▶ [What is being asked]
Could you restate, exactly and with nothing added, the lines from the start of the data through the line that holds "Cintex Metal Detector.", leaving the pictures out?

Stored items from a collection
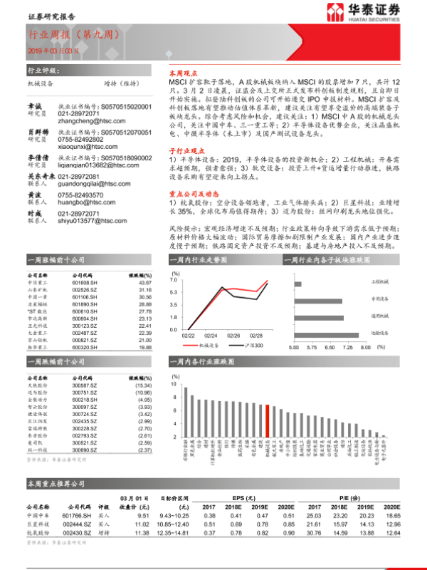 【华泰证券】【20190303】20190303-华泰证券-机械设备行业周报(第九周)-13页 行业研究
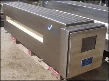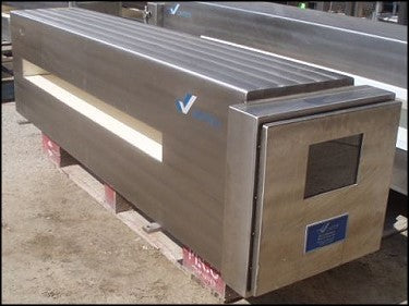 Cintex Metal Detector. Model: Auto2. S/N: 8855. Maximum Aperture/clearance: 44 in. L x 3 in. W. Actual numbers may vary depending on local site conditions, product tested, and other factors. Currently non-operational. Overall dimensions: 5 ft. 6 in. L x 1 ft. 4 in. W x 1 ft. 10 in. H.(H16).
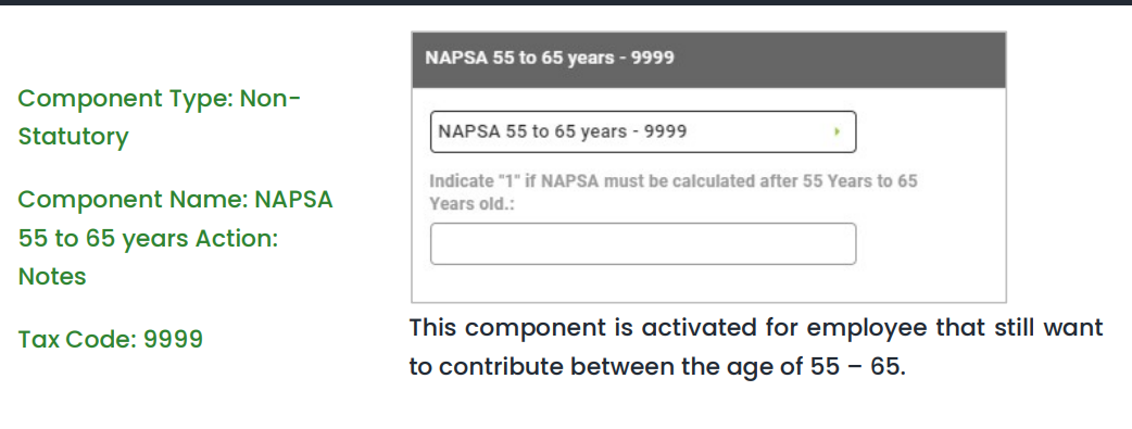 Example, if a employee is 59 and will be 60 in April, the NAPSA contributions will continue to calculate until April of the same year. In April the NAPSA contributions will no longer trigger automatically as the employee has reached the legal retirement age.
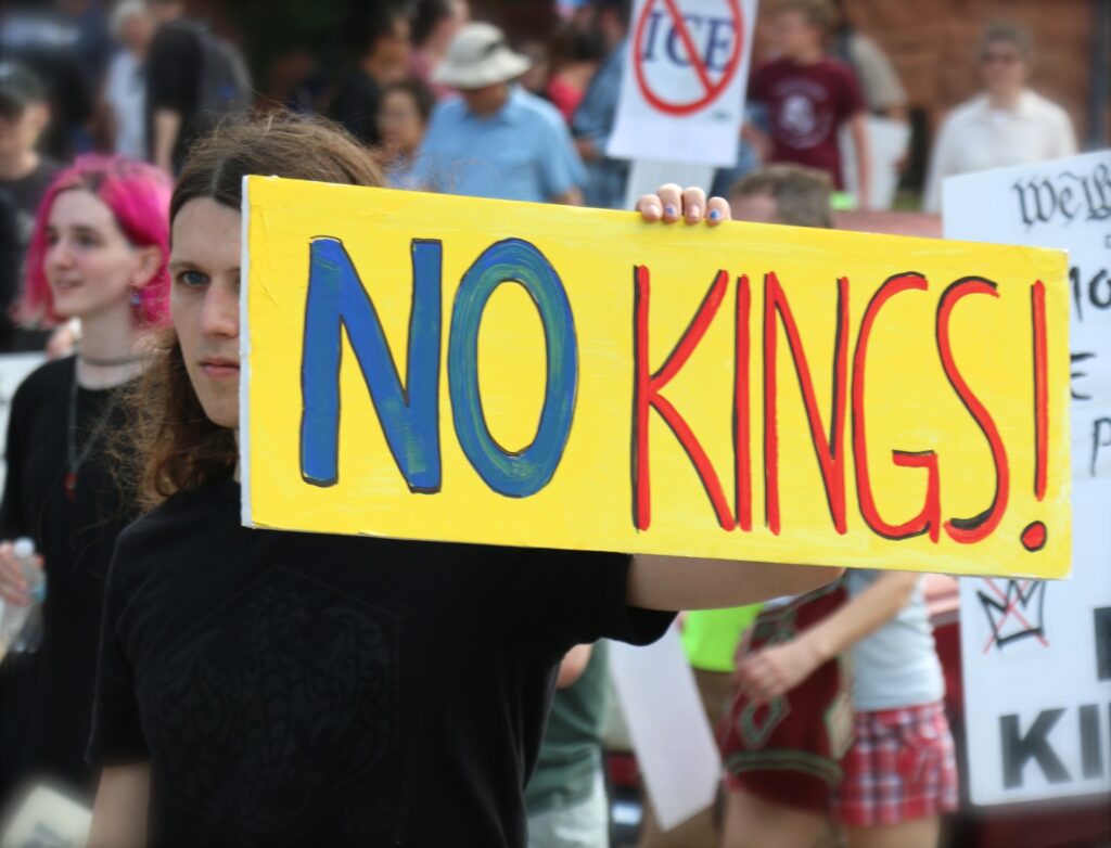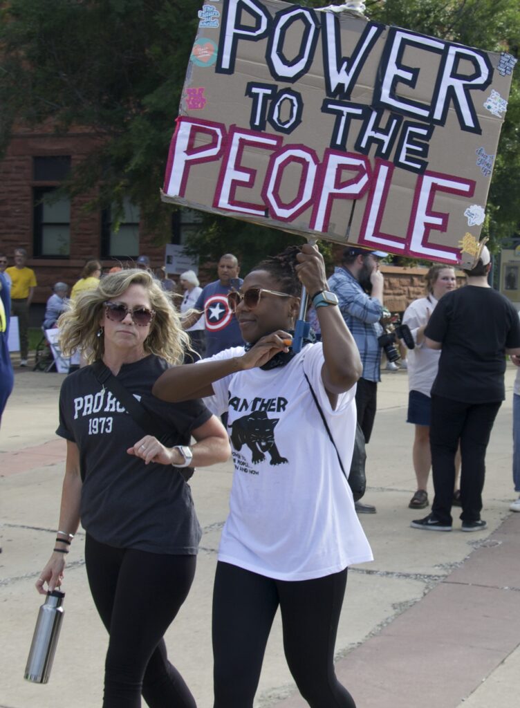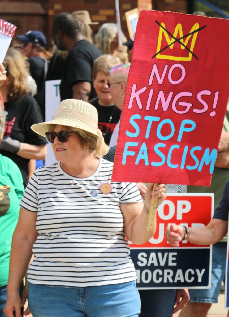 Thousands of people take part in the ‘No Kings’ rally in front of the Champaign County Courthouse in Urbana.
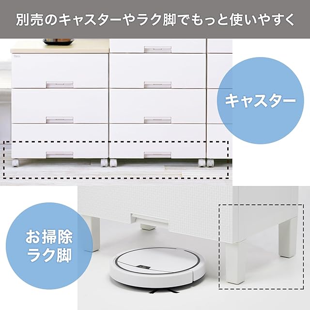 材質:【本体・引出し・ロック・ローラー】ポリプロピレン【脚】ポリプロピレン、ポリエチレン(すべり止め)【前パネル】スチロール樹脂【天板】MDF化粧板
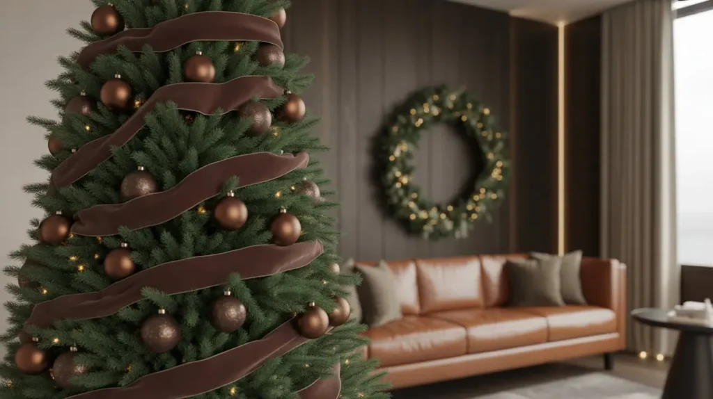 • Texture: This is where you bring in the “luxe.” A few deep brown or charcoal gray velvet ornaments or a simple velvet ribbon can add softness. Faux leather elements, perhaps as ornament ties or a simple garland, add a modern edge.
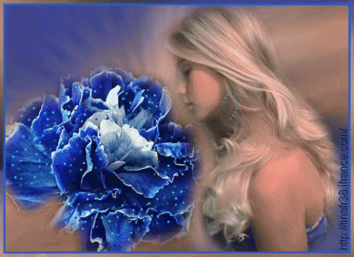 Paglalarawan ng Content: a woman in a blue dress is holding a large blue flower in front of her face
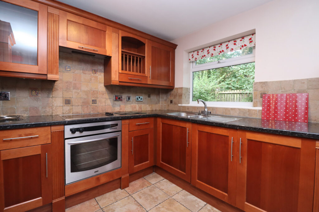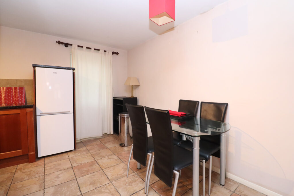 The kitchen is well-equipped with ample wall and floor storage units, built-in appliances, and a stainless steel sink with drainer. There is also space for a dining table, enhancing the kitchen's practicality. From the kitchen/diner, you have direct access to the rear garden, providing a pleasant outdoor space.
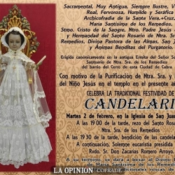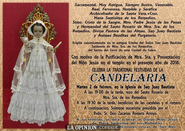 La Archicofradía de la Santa Vera Cruz con motivo de la Purificación de Nuestra Señora y Presentación del Niño Jesús en el Templo celebrará la tradicional Festividad de la Candelaria, será el martes 2 de Febrero, en la Iglesia de San Juan Bautista, dando comienzo a las 19:00h. con el Rezo del Santo Rosario.
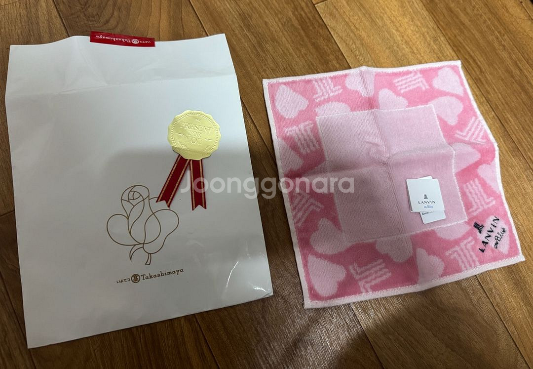 LANVIN 타올 손수건입니다 핑크색 바탕에 하트 패턴이 귀여워요 새 상품이라 선물용으로도 좋습니다 사이즈 20X20cm (약간의 오차)입니다 포장봉투에 넣어 드려요 10000원에 팝니다 네고, 환불은 불가입니다!!
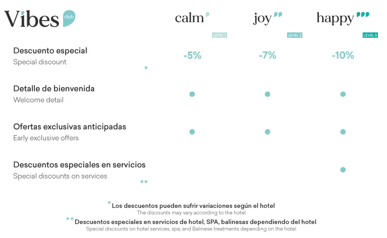 En función de tu nivel de Vibes, disfrutarás de tarifas con descuentos especiales diseñadas exclusivamente para ti. Además, en algunos hoteles podrás acceder a beneficios adicionales que podrás consultar al realizar tu reserva.
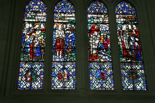 ▲但尼丁的第一間教堂以及裡面的琉璃窗

▶ [Solution to this task]
 【华泰证券】【20190303】20190303-华泰证券-机械设备行业周报(第九周)-13页 行业研究
 Cintex Metal Detector. Model: Auto2. S/N: 8855. Maximum Aperture/clearance: 44 in. L x 3 in. W. Actual numbers may vary depending on local site conditions, product tested, and other factors. Currently non-operational. Overall dimensions: 5 ft. 6 in. L x 1 ft. 4 in. W x 1 ft. 10 in. H.(H16).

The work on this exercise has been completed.